March 21, 2025
Jesus uses the image of the fig tree to teach us about God’s relationship with us. Here’s a short reflection:
It was a very different homework assignment. In grade school, the nuns usually gave us questions to answer for homework, but one time Sister gave out little plastic cups. Each cup had soil in it. Then she passed out seeds and asked us to push them into the soil and sent us to the water fountain to get the soil wet. We children, dwellers of tenements and housing projects, had little familiarity with plants. Yet, here we were, all at once, little farmers.
When I remember is just how long it took for something green to push through the soil. Every day we would examine our cups, wondering what was going on in the dirt, waiting impatiently for our own little plant to show itself. The biggest lesson for little city kids was not only how to plant a seed and see it grow. Or how to feel personally connected to a plant. No, it was this: in an impatient world like New York City, some things didn’t happen right away. It took time and patience.

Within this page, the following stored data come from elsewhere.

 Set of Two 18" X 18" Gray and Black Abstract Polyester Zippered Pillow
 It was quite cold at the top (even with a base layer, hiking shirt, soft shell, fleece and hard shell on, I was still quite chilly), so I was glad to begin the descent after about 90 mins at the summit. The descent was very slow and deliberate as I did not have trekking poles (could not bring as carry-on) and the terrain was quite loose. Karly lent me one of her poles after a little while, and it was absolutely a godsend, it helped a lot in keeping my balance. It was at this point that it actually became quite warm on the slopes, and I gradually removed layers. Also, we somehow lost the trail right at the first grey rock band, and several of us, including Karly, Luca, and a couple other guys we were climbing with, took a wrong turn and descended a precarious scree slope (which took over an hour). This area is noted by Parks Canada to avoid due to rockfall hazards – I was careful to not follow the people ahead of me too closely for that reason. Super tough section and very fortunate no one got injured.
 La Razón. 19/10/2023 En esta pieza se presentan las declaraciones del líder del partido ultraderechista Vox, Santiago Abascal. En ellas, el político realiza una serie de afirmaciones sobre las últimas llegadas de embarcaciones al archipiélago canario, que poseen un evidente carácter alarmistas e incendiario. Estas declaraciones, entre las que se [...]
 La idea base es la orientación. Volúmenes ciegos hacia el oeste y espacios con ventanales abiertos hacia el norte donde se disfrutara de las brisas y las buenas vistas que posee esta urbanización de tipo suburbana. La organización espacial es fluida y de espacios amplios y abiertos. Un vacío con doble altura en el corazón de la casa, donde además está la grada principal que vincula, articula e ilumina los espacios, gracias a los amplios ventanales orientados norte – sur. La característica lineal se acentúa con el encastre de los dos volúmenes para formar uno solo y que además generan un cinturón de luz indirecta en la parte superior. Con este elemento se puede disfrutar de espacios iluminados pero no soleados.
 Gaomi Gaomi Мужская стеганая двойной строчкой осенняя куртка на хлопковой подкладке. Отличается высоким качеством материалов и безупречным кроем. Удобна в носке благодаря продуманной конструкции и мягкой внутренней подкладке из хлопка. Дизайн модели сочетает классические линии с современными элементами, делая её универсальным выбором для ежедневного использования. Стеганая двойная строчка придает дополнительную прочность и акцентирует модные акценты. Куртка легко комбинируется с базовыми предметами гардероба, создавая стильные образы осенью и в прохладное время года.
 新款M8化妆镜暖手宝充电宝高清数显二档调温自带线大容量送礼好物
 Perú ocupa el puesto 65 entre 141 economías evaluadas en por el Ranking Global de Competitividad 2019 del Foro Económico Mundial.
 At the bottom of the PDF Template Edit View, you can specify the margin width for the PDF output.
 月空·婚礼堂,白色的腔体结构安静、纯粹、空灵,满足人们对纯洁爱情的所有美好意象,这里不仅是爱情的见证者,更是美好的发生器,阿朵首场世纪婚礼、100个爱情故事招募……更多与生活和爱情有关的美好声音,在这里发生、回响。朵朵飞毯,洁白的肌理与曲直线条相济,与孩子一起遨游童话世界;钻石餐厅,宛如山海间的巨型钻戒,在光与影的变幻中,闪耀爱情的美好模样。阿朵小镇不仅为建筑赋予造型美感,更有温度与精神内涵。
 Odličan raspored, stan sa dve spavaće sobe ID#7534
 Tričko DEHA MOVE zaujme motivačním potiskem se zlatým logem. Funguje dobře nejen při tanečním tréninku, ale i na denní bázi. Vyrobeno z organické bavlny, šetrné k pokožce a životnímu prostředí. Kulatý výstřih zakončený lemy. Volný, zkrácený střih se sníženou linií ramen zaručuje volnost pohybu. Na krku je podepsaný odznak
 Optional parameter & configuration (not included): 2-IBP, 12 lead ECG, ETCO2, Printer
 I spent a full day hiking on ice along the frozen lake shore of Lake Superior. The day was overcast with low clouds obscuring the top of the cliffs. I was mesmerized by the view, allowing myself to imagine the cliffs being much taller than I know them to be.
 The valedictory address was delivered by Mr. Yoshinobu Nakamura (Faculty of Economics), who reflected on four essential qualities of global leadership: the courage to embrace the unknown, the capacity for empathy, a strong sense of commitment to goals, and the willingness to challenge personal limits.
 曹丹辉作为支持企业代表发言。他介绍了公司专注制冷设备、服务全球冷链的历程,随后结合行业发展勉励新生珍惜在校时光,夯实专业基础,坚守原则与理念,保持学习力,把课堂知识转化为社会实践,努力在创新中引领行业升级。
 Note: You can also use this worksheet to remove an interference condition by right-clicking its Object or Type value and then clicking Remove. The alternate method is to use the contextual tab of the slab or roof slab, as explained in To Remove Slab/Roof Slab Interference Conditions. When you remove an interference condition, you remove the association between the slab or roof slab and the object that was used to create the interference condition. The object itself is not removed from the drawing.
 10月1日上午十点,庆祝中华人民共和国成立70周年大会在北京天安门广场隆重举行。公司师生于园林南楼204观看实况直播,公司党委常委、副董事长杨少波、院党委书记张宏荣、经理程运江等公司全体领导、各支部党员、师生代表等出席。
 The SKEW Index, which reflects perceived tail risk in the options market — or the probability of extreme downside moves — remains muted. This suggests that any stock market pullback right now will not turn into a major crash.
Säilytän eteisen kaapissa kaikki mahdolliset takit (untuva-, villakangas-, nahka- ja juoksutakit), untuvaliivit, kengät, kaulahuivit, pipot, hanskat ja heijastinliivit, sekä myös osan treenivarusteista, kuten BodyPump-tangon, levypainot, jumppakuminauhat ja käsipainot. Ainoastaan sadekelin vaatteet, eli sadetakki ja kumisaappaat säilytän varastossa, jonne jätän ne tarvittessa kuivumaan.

I often think of the famous scene in our first reading, when Moses encounters God in the burning bush. Moses was basically in hiding, having made enemies in Egypt; he spent his day watching sheep. But he sees the burning bush and decides to find out what it’s all about. In other words, he had the patience to stop and search. I am sure I would have shrugged my shoulders and walked right by the burning bush.
Yet it is at the burning bush that Moses learns about God, how God has been connecting with the suffering Jewish people during all their time of slavery. “I have heard the cries of my people,” God says, and now he will bring them freedom. Moses learns God’s plan to set the Jewish people free from their slavery in Egypt.
It was not easy. We learn that not only did the Egyptian leader, Pharoah, resist God’s plan; even the Jewish people resisted the idea. Moses practically had to drag them out of slavery and help them see a different future for themselves.
Some things take time. God gives us time. People, at the opening of the Gospel passage, are asking Jesus about tragedies that happened to others. Jesus gives them a parable that says, in effect, all of us have time to repent and experience conversion. God planted us like a seed in the ground. God expects figs from the trees he planted. But God tells the gardener to be patient. Give the plant more time and maybe there will be figs next year.
This is Good News for us. Lent is telling all of us that the point of our lives is conversion. In spite of our preoccupations with the many things in our lives, all of us are invited to a burning bush experience in our own lives, that is, a time when we encounter God and discover God’s infinite love at the center of our lives. In these weeks of Lent, when we see people preparing to enter our Church and receive the sacraments of salvation, God is giving us the time to realize that we have received those sacraments, that we are disciples of Christ, that we all can bring God’s Good News to those around us.
We are often impatient with God, demanding one thing or another from him. But God is patient with us, giving us the time and opportunities to realize God has been revealed to us in Jesus, and Jesus bestows his Spirit upon all who stop resisting.